This chapter introduces the specific tasks involved in the knowledge discovery process. The process is iterative, commonly going back to earlier stages once you discover new patterns and improve your understanding of the data, as shown in Figure 2-1.
This chapter describes a process that follows these steps:
Identify the source of the data—expanded in “Identifying the Data”.
Prepare the data—expanded in “Preparing the Data”.
Build a model—expanded in “Building a Model”.
Evaluate the model—expanded in “Evaluating a Model”.
Deploy the model—expanded in “Deploying a Model”.
The task of identifying the data begins by deciding what data is needed to solve a problem. For example, predictability about customer behavior is often a necessary goal, recast in terms of a problem. In defining the problem, the investigator must identify the data needed to solve that problem and explore other possible sources of data.
Data may be in a difficult location or in an obscure form. Sometimes there are several initial databases that may be incompatible with each other. Further, if data is scanty or incomplete, more data may be needed. The form in which new data is to be collected depends on the form of existing data. Finally, the data may exist but need to be extracted from a central data warehouse. MineSet accepts both flat files and binary files as well as data from several commercial database vendors such as Informix, Oracle, and Sybase. Tools such as DBMS/COPY from Conceptual Software, Inc. allow you to convert data from over 100 formats to MineSet.
Data may have to be loaded from legacy systems or external sources, stored, and cleaned. Specifically, the following problems are common:
Data may be in a format incompatible with its end use (for example, EBCDIC format).
Data may have many missing, incomplete, or erroneous values.
Field descriptions may be unclear or confusing, or may mean different things depending on the source. For example, order date may mean the date that the order was sent, postmarked, received, or keyed in.
Data may be stale. Customers may have moved, changed households, or changed spending patterns.
MineSet can help you discern data quality problems in the initial stages of building a data warehouse.
In spite of being clean, data may need to be transformed before it is suitable for mining and visualization. Specifically, the input to the algorithms and visualizations must be a single table. While SQL commands can be given to MineSet, it is recommended that database administrators create the appropriate views to simplify operations for end users. While MineSet can perform powerful data operations, in some cases certain transformations need to be done prior to using MineSet.
Considerable planning and knowledge of your data should go into data transformation decisions. Data transformations are at the heart of developing a sound model. You may even need to go back and transform the data differently:
By adding columns, usually applying a mathematical formula to existing data.
By removing columns which are not pertinent, are redundant, or contain obvious, uninteresting predictors.
By filtering visualizations. For example, you may want to see only the strongest rules or the most profitable customer segments.

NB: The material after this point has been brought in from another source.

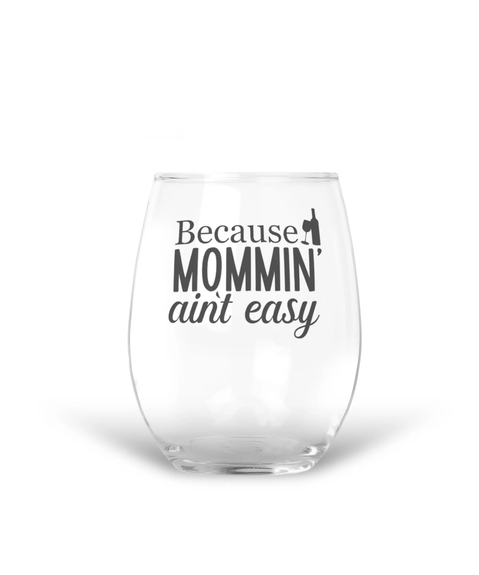 15 oz Etched Wine Glass Because Mommin' Ain't Easy
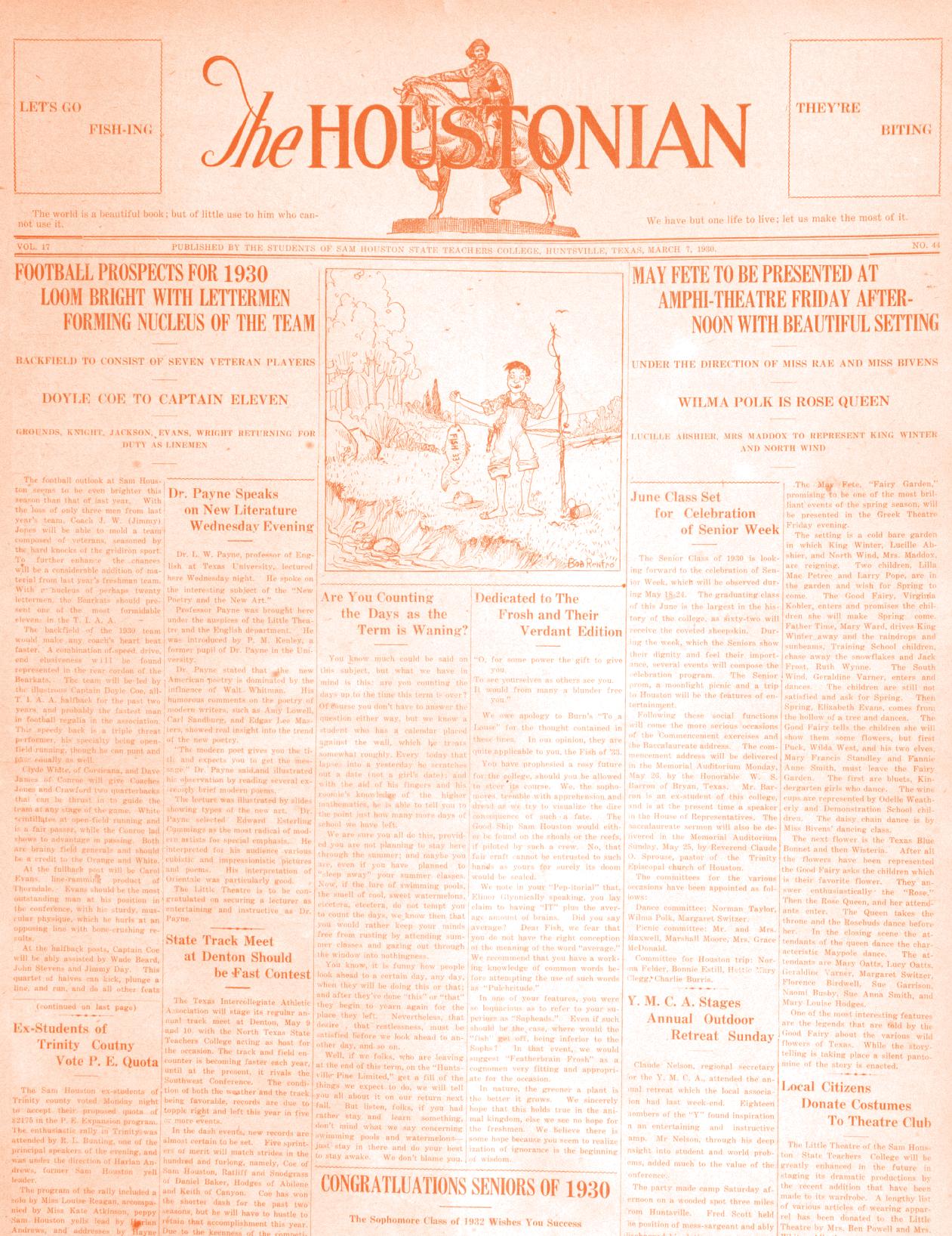 January 29, 1918. Known then as “The Normals,” Sam Houston’s first basketball team defeats Alexander College 35-2 in the first game of an undefeated 7-0 season.

By changing a column's name.
By binning data—breaking up a continuous range of data into discrete segments.
By aggregating data—grouping records together, and finding the sum, maximum, minimum, or average values.
By sampling the data to get a random subset of the data (by percentage or count).
By applying a classifier that you have previously created, to label new records with a class label, or to estimate the probability of a given label value.
In MineSet, most of these transformations take place using the Data Transformation pane in Tool Manager.
At the core of the knowledge discovery process is model building, automatically done by analytical data mining algorithms. This is clarified in Chapter 3.
Evaluating the accuracy of a model refines your understanding of that model and its usefulness. Some models, notably the Decision Tree classifier and the Option Tree classifier, evaluate different parts of the model and display these models directly through visualization.
MineSet implements four model assessment methods: error estimation, confusion matrix, lift curve and ROI (return-on-investment) curve.
A model can be deployed by applying it to new data. New data can give rise to further questions, which may require further refinements.
In the telecommunications example in Chapter 3, a model can be created to determine which customers are likely to leave their phone carrier. Customer records can then be evaluated through the model to identify the specific customers most likely to leave. These customers can be given incentives to stay.
The next two chapters step you through the knowledge discovery process on the churn dataset—a prepared dataset of telecommunication customers. As you work through the examples, think of the process presented here and how your operations progress forward and loop back as shown in Figure 2-1.